Over that same period, he also survived being shot five times, served nine months in prison for sexual assault and had numerous other run-ins with law enforcement — including a fight where he shot two off-duty cops — and sent his mother to rehab for drug addiction. And in 1996, when his life ended in a barrage of bullets in Las Vegas, 2Pac — who was also largely known by his birth name Tupac Shakur — was in the middle of a raging, cross-country rap rivalry and was engaged to Quincy Jones’ daughter.
That’s a lot of life to pack into just five years. It’s also a lot to pack into a movie.
And although Hollywood has succeeded many times in re-telling complex, fast-paced tales like that of Shakur's tumultuous yet brief 25 years on the planet, the new biopic about his life, All Eyez on Me, fails fast and hard to show all that he was to hip-hop culture and the black community.
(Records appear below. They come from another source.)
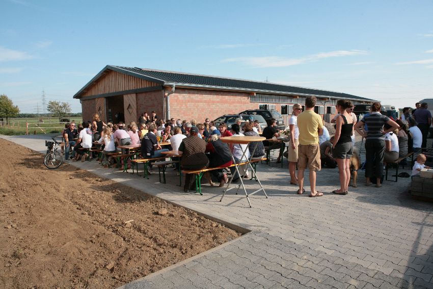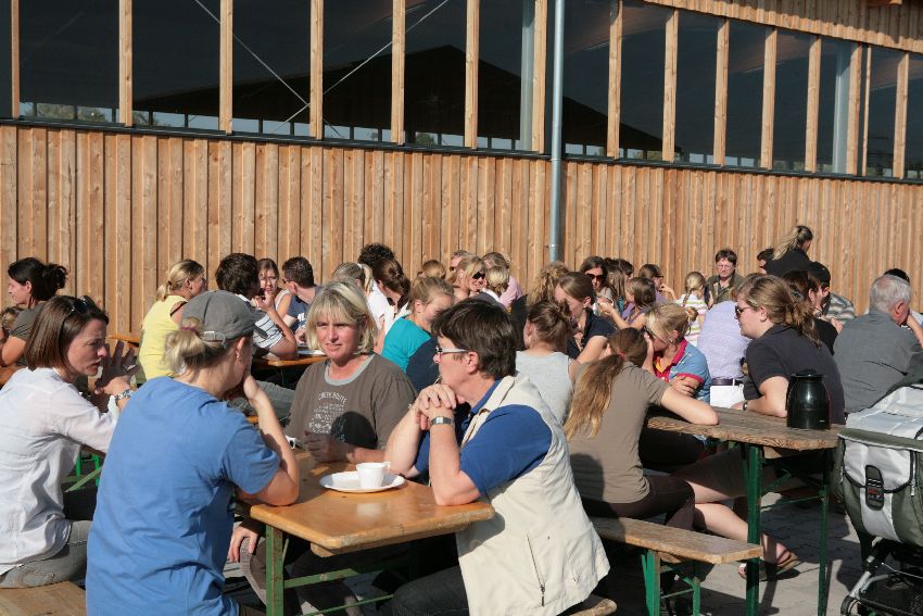 Damit sich alte und neue Einstaller kennen lernen konnten, gab es vor der eigentlichen Einweihnung schonmal ein gemütliches Beisammensein. Bei Kaffee, Sekt und unzähligen leckeren Kuchen genossen alle den herrlichen Sonnenschein und die sommerlichen Temperaturen.
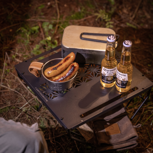 ワンタッチで設置できる別売の天板を使えば、お皿や水気等が出るクーラーボックス等を置いたりできるアウトドアテーブルとして利用できます。 たき火タイムに、マグやグラスを置くのに便利です。
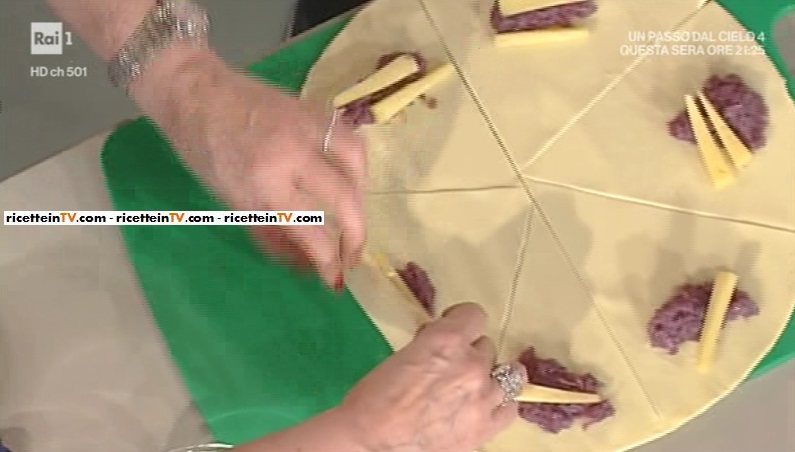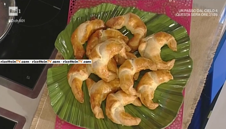 Stendiamo il rotolo di pasta sfoglia già pronta. Tagliamo a spicchi, 6 o 8. Alla base di ciascun spicchio, mettiamo un cucchiaino di composta di cipolle e dei tocchetti di fontina o formaggio a scelta. Arrotoliamo, stretti, partendo dalla base verso l’apice dello spicchio. In una ciotolina, sbattiamo l’uovo. Disponiamo i cornetti su una teglia foderata di carta e spennelliamo con l’uovo sbattuto. Inforniamo a 200°, forno statico e caldissimo, fino a doratura.
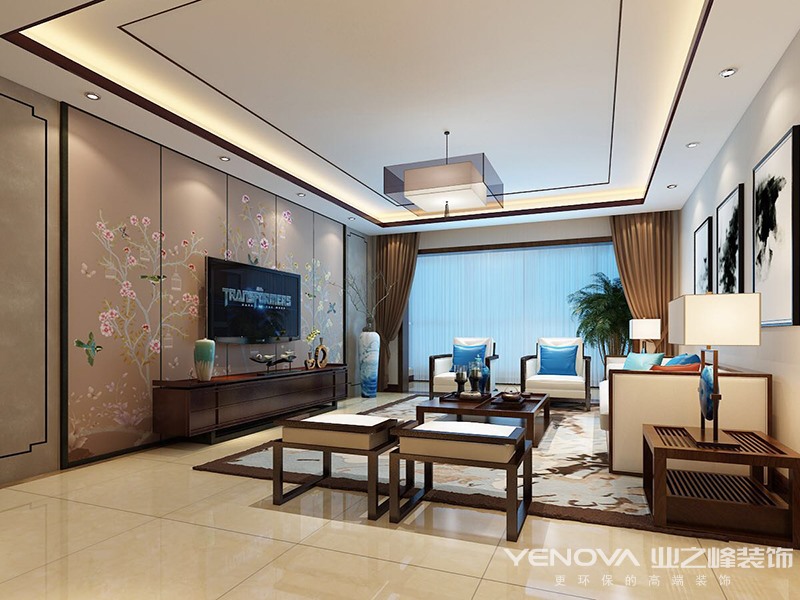【客厅】客厅在装饰风格上一暖色调为主,新中式简约家具,整个空间装饰方面以白色墙面为主配有中国古典特色的水墨背景墙,还有新中式的现代装饰画,家具为简约新中式家具,配上吊顶的暖光的灯槽,整个客厅的风格更加雅致。
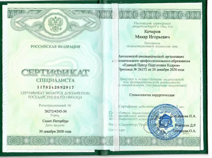 Специальность «Стоматология хирургическая», Автономная некоммерческая органицация дополнительного профессионального образования «Единый Центр Подготовки Кадров», г. Санкт-Петербург, 2020 г.
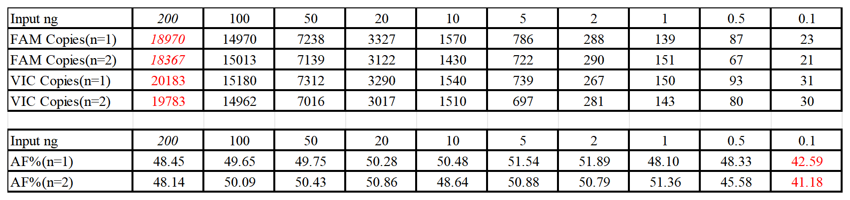 1.2 投入量在0.1ng~200ng間設(shè)置10個梯度,進(jìn)行數(shù)字PCR檢測(2復(fù)孔),判斷是否滿足%AF=50±10%波動。
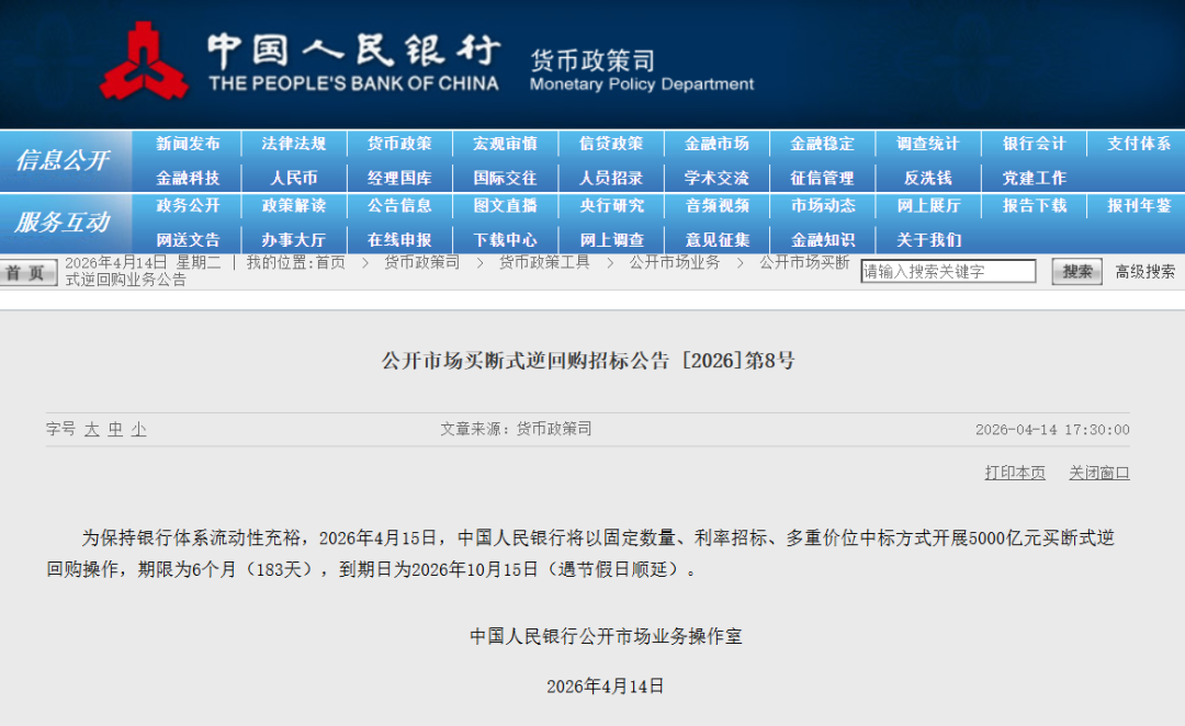 4月14日,央行发布公告称,为保持银行体系流动性充裕,2026年4月15日,中国人民银行将以固定数量、利率招标、多重价位中标方式开展5000亿元买断式逆回购操作,期限为6个月(183天),5060到期日为2026年10月15日(遇节假日顺延)。
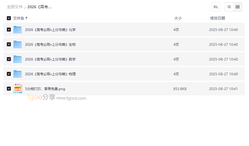 “高考必刷•上分攻略”系列是针对2026年高考考生量身打造的高效复习资源,覆盖数学、物理、化学、生物四大理科核心科目。本资源整合了 上分攻略、上分题集、详细解析及便捷打印服务,形成“学—练—解—印”一体化备考方案,特别适合:
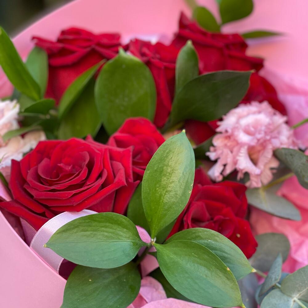 Лента – 1 шт.Лизиантус – 2 шт.Рускус – 5 шт.Эвкалипт – 1 шт.Роза одноголовая – 7 шт.Упаковка – 1 шт.
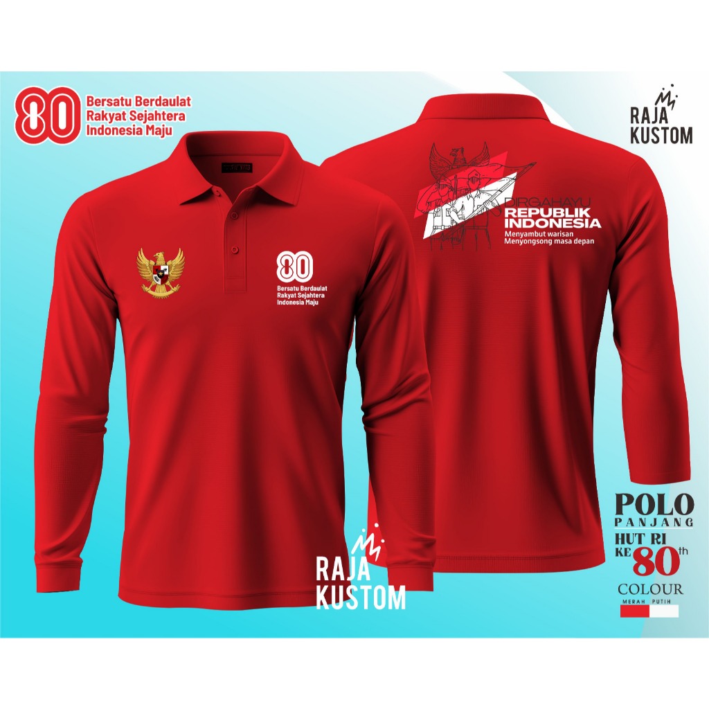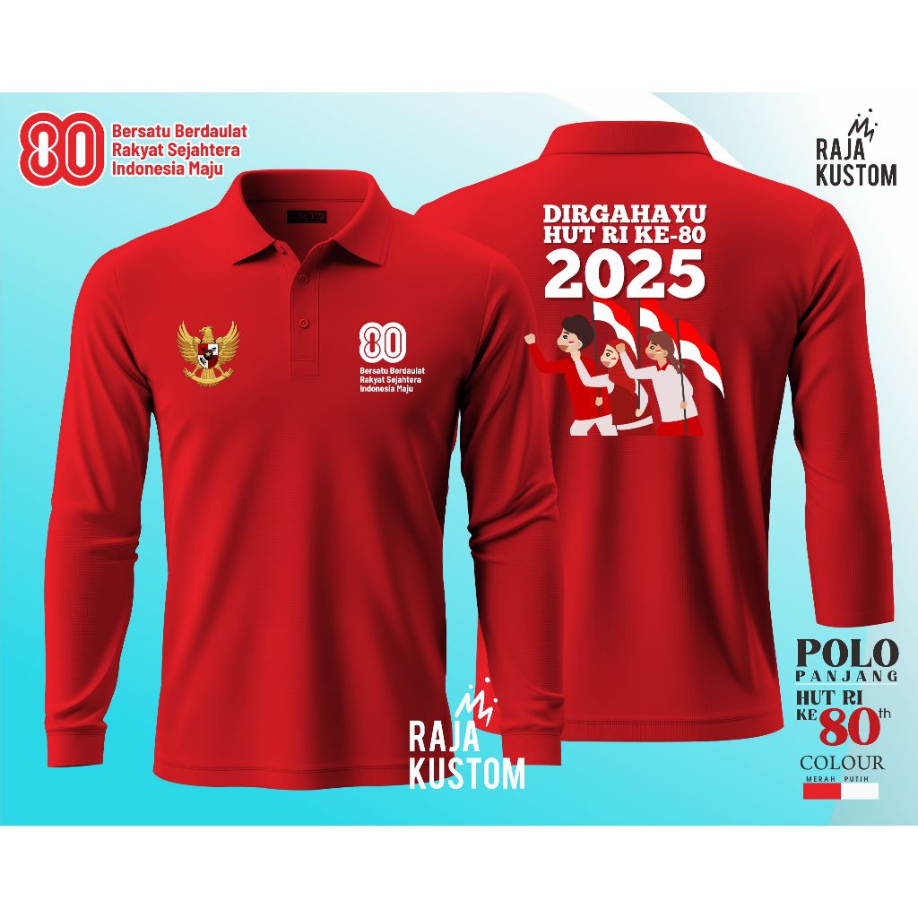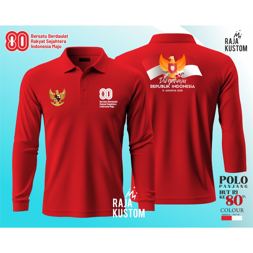 POLO 17 AGUSTUS 2025 HUT RI KE 80 MERAH PUTIH KEMERDEKAAN INDONESIA LENGAN PANJANG DEWASA PREMIUM
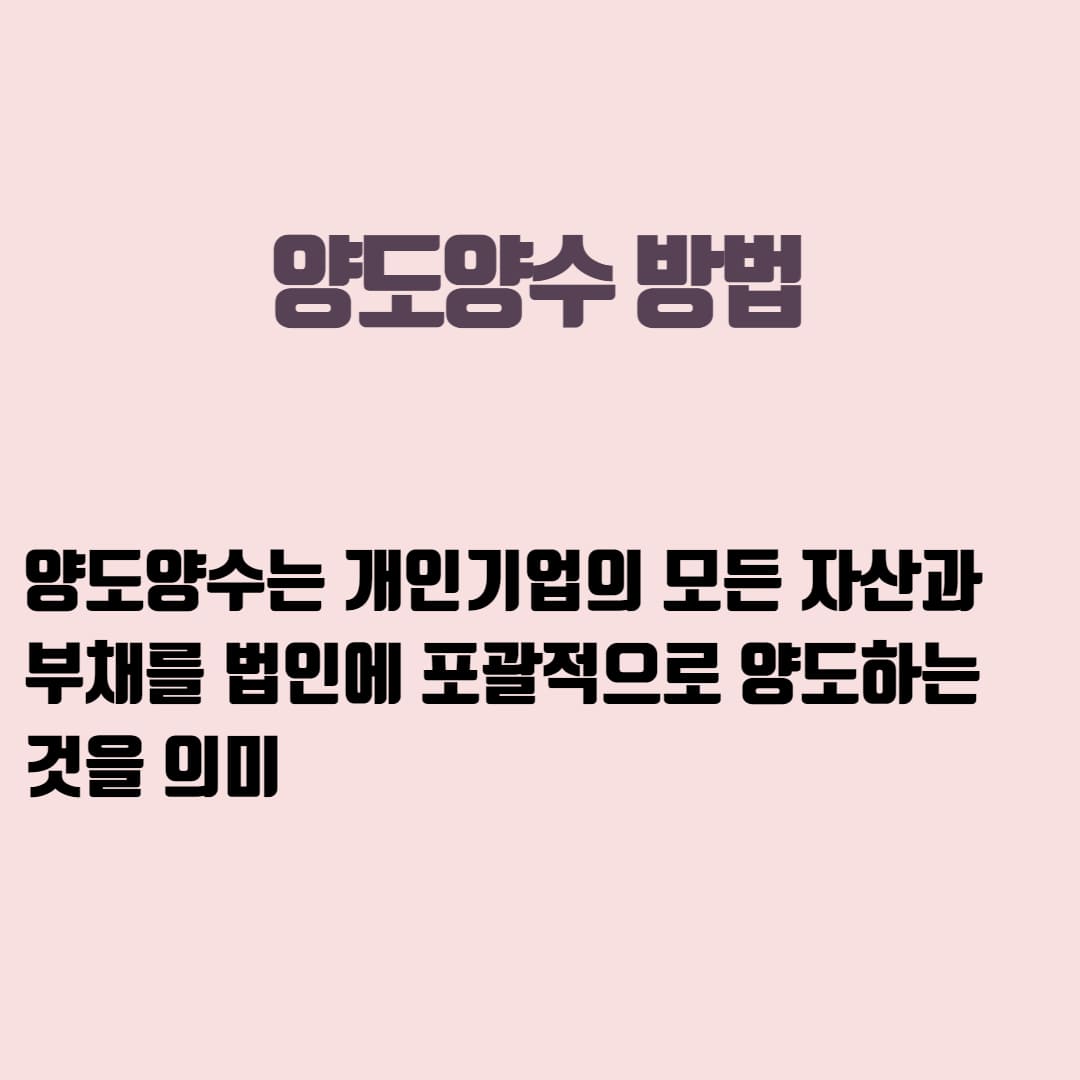 양도양수는 개인기업의 모든 자산과 부채를 법인에 포괄적으로 양도하는 것을 의미합니다. 쌍방간에 적정한 가격이 형성되기만 하면 용이하게 전환할 수 있으므로 실무적으로는 양도양수 방법을 많이 선호합니다.
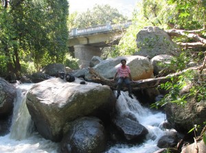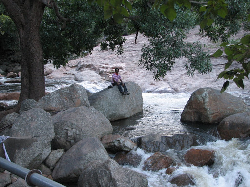 Then we walked couple of KMs more to reach the monkey falls, wondering how many monkeys would really be there and how much of trouble they would cause to us. Just in couple of minutes we reached there and understood what really those monkeys can do. It was jumping over the cars and bikes, dancing over the helmet that was locked to the bike, few small monkeys went under the cars and were playing like anything. And we assumed that the monkeys don’t do any harm to the tourists and entered in to the falls. We decided during the start of the trip itself that we wouldn’t take bath in the falls and stay away from the waters. So we decided to do things that wouldn’t get us wet. But somehow we managed to get wet…No no not by taking bath in the falls, we fell down with full style. We were clicking some snaps, while I was posing, Rukku was handling the camera. He asked me to go to the center of the falls so that he can take a better snap. I thought I was carefully keeping by feet, but just when I was about to position myself for the snap I felt something hit my head hard. Yeah I realized I fell down after hitting the hard rock. For few seconds I couldn’t even help myself getting up… There were couple of college students standing near by who gave their hands and saved me from sliding down. After standing up and coming back to normal state I was looking for this Rukku whom I thought would’ve started to come and see how I am doing. But I could see him standing at the same place and asking me to pose. I was like what the hell man? And went down to ask him if it was funny. But after I went down only I came to know that he had also fell down at the same instant when I fell down. In fact he had fell of a small cliff like thing and luckily he had his bag on the back which had saved his head hitting the ground and he was holding the camera up to save it too!! Thank god noting happened to the camera:) And then one guy came and told him, “enna sir photova indha angle laendha edukkaradhu…paarthu sir…” Ada paavingala naanga enna P.C.Sreeram-a, K.V.Anandh-a…edho memory stick ellam cheap-a irukkudhae nnu photo click panrom da…idhuvae film roll naa motha trip kkae naanga 40 photo dhaan da eduppom…If you closely observe the photo you can see the wet T-shirt…:)
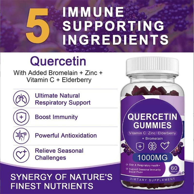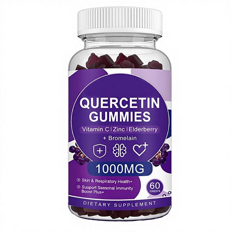 Gummies de Quercétine 60 unités avec Vitamine C, Zinc, Sureau et Bromélaïne pour le Soutien Immunitaire, Exportation Transfrontalière, Bouteille, Chine Continentale
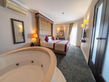 Номера в отеле Korumar Делюкс выходят на балконы с видом на море. Каждый номер оснащен спутниковым телевидением, уютным гостиным уголком и отдельными ванными комнатами с душем или ванной.
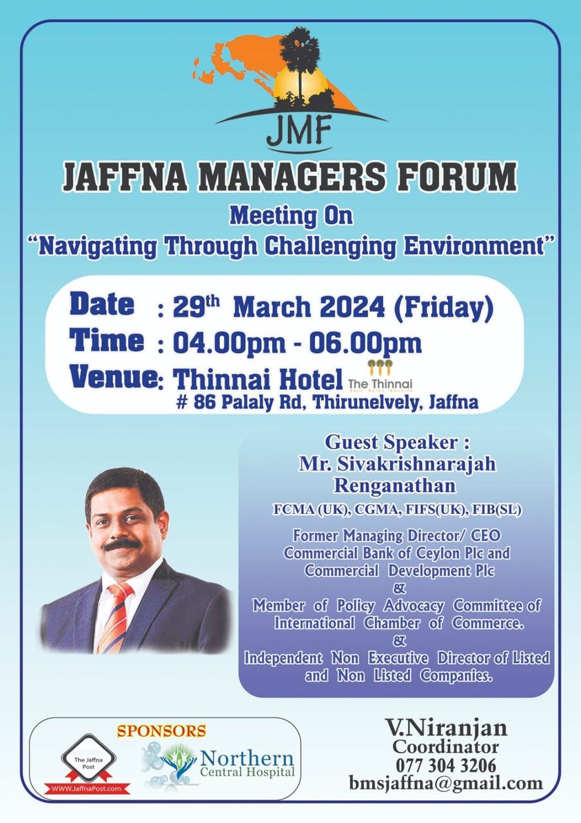 Jaffna Managers’ Forum, S.Renganathan former CEO Commercial Bank, 29th March

Instead of capturing the stark contradictions and duality of Shakur’s existence as a gun-toting, womanizing gangster and that of a pro-black poet/activist looking to lift up his community, the movie — released June 16, which would have been his 46th birthday — is little more than a watered-down, bland chronology of his life that’s plagued by equal parts under- and over-acting.
Opening with a prison interview with a Rolling Stone reporter, the film uses that setting as a backdrop to anchor flashbacks from Shakur’s life as he pushes through life difficulties such as having the FBI raid his childhood home on Christmas day and being shuffled around the country with his sister as his mother begins to slip away just as he is launching his rap career.
While there are a few good parts, such as reenactments of concerts and recording studio scenes, details like bad lip-syncing from Demetrius Shipp Jr., who plays Shakur, and overzealous acting by Danai Gurira, who plays his mother, tend to distract from the film.
And rather than trying to pack in every fight and feud he had from birth to death, director Benny Boom should have cherry-picked and dug into the pivotal points of Shakur’s life, such as the interactions with his mother or the struggle with friend-turned-enemy and fellow rapper Notorious B.I.G., to establish meaningful milestones.
What’s troubling about this flat attempt at capturing Shakur’s life is that recent rap biopics — for example, Notorious, about the life and death of B.I.G., and Straight Outta Compton, about the pioneering gangster rap group N.W.A. — were so well executed — we know it can be done.
In the end, fans are better off with the autobiography ‘Pac left us in his music and the many on- and off-camera interviews he did in the short time we had him.